- [Exercise requirements]: When you reproduce the data, keep every word exactly as it stands and leave the pictures out.

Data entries
========================
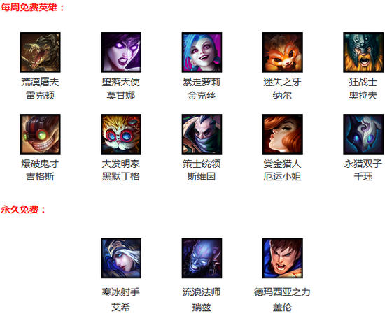 另外,在中国的服务器中,我们额外增加了三个永久免费的英雄——寒冰射手艾希、德玛西亚之力盖伦和流浪法师瑞兹。这三个英雄是永久免费供所有玩家使用的。主要目的也是便于那些刚刚打完新手实战训练营的玩家能够至少有一个自己会用的英雄。
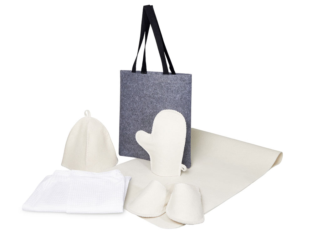 Банный набор Healing для настоящего ценителя сауны: коврик, мужской холщовый килт, рукавица, шапка, двуцветные тапочки — всё в стильном фетровом шоппере.
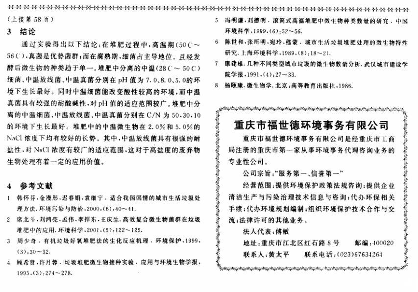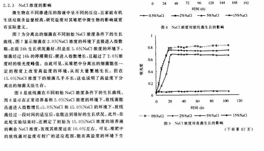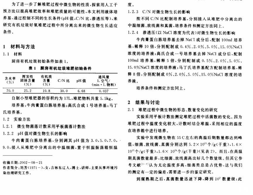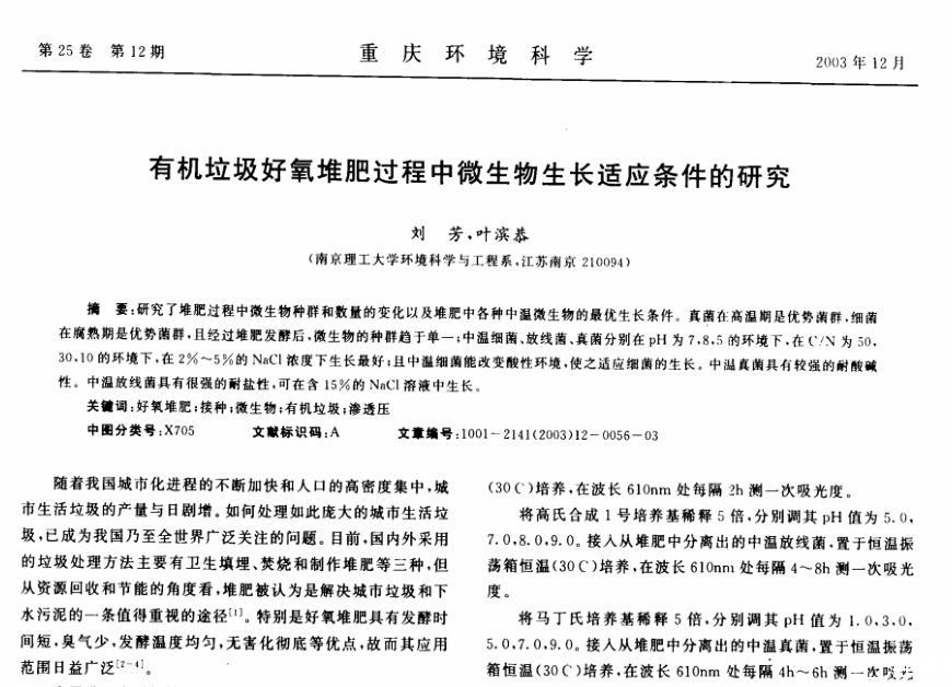 【摘要】:研究了堆肥過(guò)程中微生物種群和數(shù)量的變化以及堆肥中各種中溫微生物的最優(yōu)生長(zhǎng)條件。真菌在高溫期是優(yōu)勢(shì)菌群,細(xì)菌在腐熟期是優(yōu)勢(shì)菌群,且經(jīng)過(guò)堆肥發(fā)酵后,微生物的種群趨于單一;中溫細(xì)菌、放線菌、真菌分別在p H為7,8,5的環(huán)境下,在C/N為50,30,1 0的環(huán)境下,在2%~5%的Na Cl濃度下生長(zhǎng)最好;且中溫細(xì)菌能改變酸性環(huán)境,使之適應(yīng)細(xì)菌的生長(zhǎng)。中溫真菌具有較強(qiáng)的耐酸堿性。中溫放線菌具有很強(qiáng)的耐鹽性,可在含1 5%的Na Cl溶液中生長(zhǎng)。
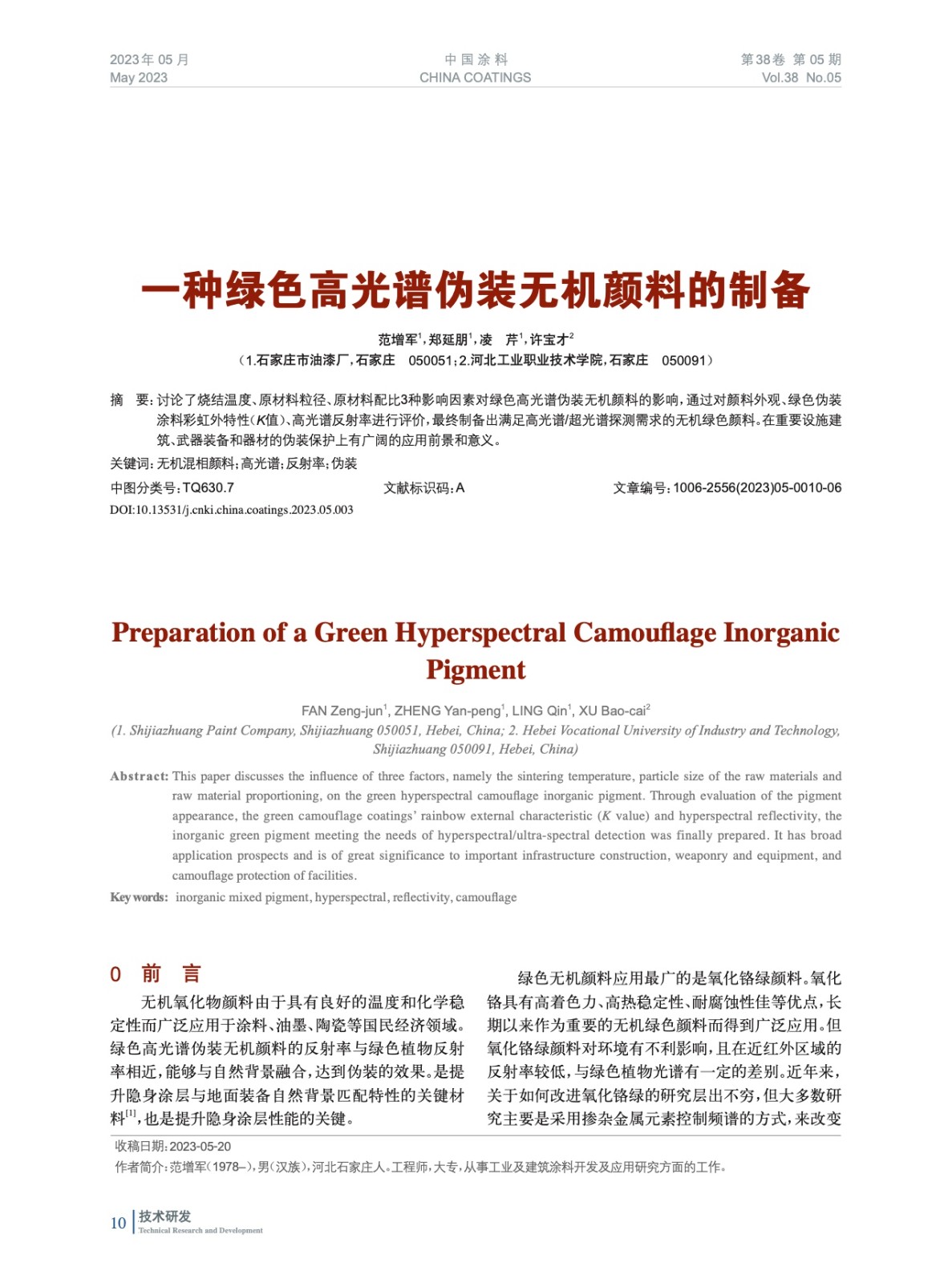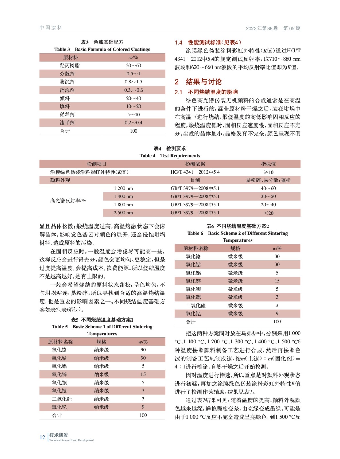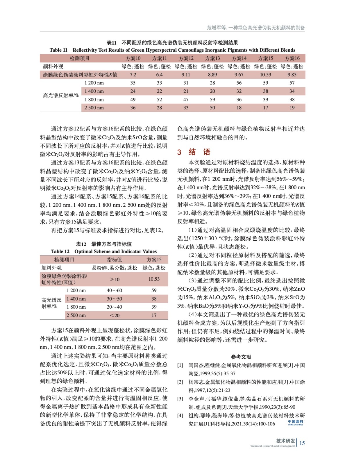 討論了燒結溫度、原材料粒徑、原材料配比3種影響因素對綠色高光譜偽裝無機顏料的影響,通過對顏料外觀、綠色偽裝涂料彩虹外特性(K值)、高光譜反射率進行評價,最終制備出滿足高光譜/超光譜探測需求的無機綠色顏料。在重要設施建筑、武器裝備和器材的偽裝保護上有廣闊的應用前景和意義。
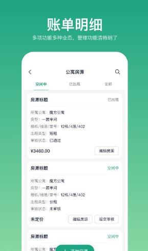 3、账单明细一目了然,租金、房屋状态、房屋信息和租客信息尽在掌握。
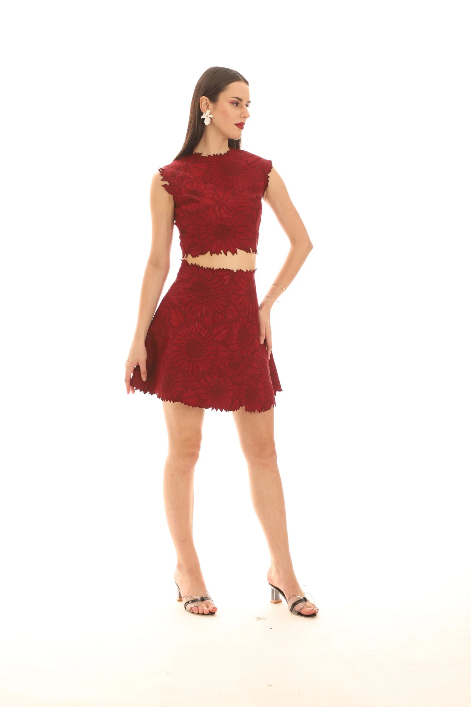 Enhance your wardrobe with the timeless charm of a maroon embroidered skirt, combining rich color with intricate detailing for a sophisticated look.
========================
- [Answer section]:
 另外,在中国的服务器中,我们额外增加了三个永久免费的英雄——寒冰射手艾希、德玛西亚之力盖伦和流浪法师瑞兹。这三个英雄是永久免费供所有玩家使用的。主要目的也是便于那些刚刚打完新手实战训练营的玩家能够至少有一个自己会用的英雄。
 Банный набор Healing для настоящего ценителя сауны: коврик, мужской холщовый килт, рукавица, шапка, двуцветные тапочки — всё в стильном фетровом шоппере.
 【摘要】:研究了堆肥過(guò)程中微生物種群和數(shù)量的變化以及堆肥中各種中溫微生物的最優(yōu)生長(zhǎng)條件。真菌在高溫期是優(yōu)勢(shì)菌群,細(xì)菌在腐熟期是優(yōu)勢(shì)菌群,且經(jīng)過(guò)堆肥發(fā)酵后,微生物的種群趨于單一;中溫細(xì)菌、放線菌、真菌分別在p H為7,8,5的環(huán)境下,在C/N為50,30,1 0的環(huán)境下,在2%~5%的Na Cl濃度下生長(zhǎng)最好;且中溫細(xì)菌能改變酸性環(huán)境,使之適應(yīng)細(xì)菌的生長(zhǎng)。中溫真菌具有較強(qiáng)的耐酸堿性。中溫放線菌具有很強(qiáng)的耐鹽性,可在含1 5%的Na Cl溶液中生長(zhǎng)。
 討論了燒結溫度、原材料粒徑、原材料配比3種影響因素對綠色高光譜偽裝無機顏料的影響,通過對顏料外觀、綠色偽裝涂料彩虹外特性(K值)、高光譜反射率進行評價,最終制備出滿足高光譜/超光譜探測需求的無機綠色顏料。在重要設施建筑、武器裝備和器材的偽裝保護上有廣闊的應用前景和意義。
 3、账单明细一目了然,租金、房屋状态、房屋信息和租客信息尽在掌握。
 Enhance your wardrobe with the timeless charm of a maroon embroidered skirt, combining rich color with intricate detailing for a sophisticated look.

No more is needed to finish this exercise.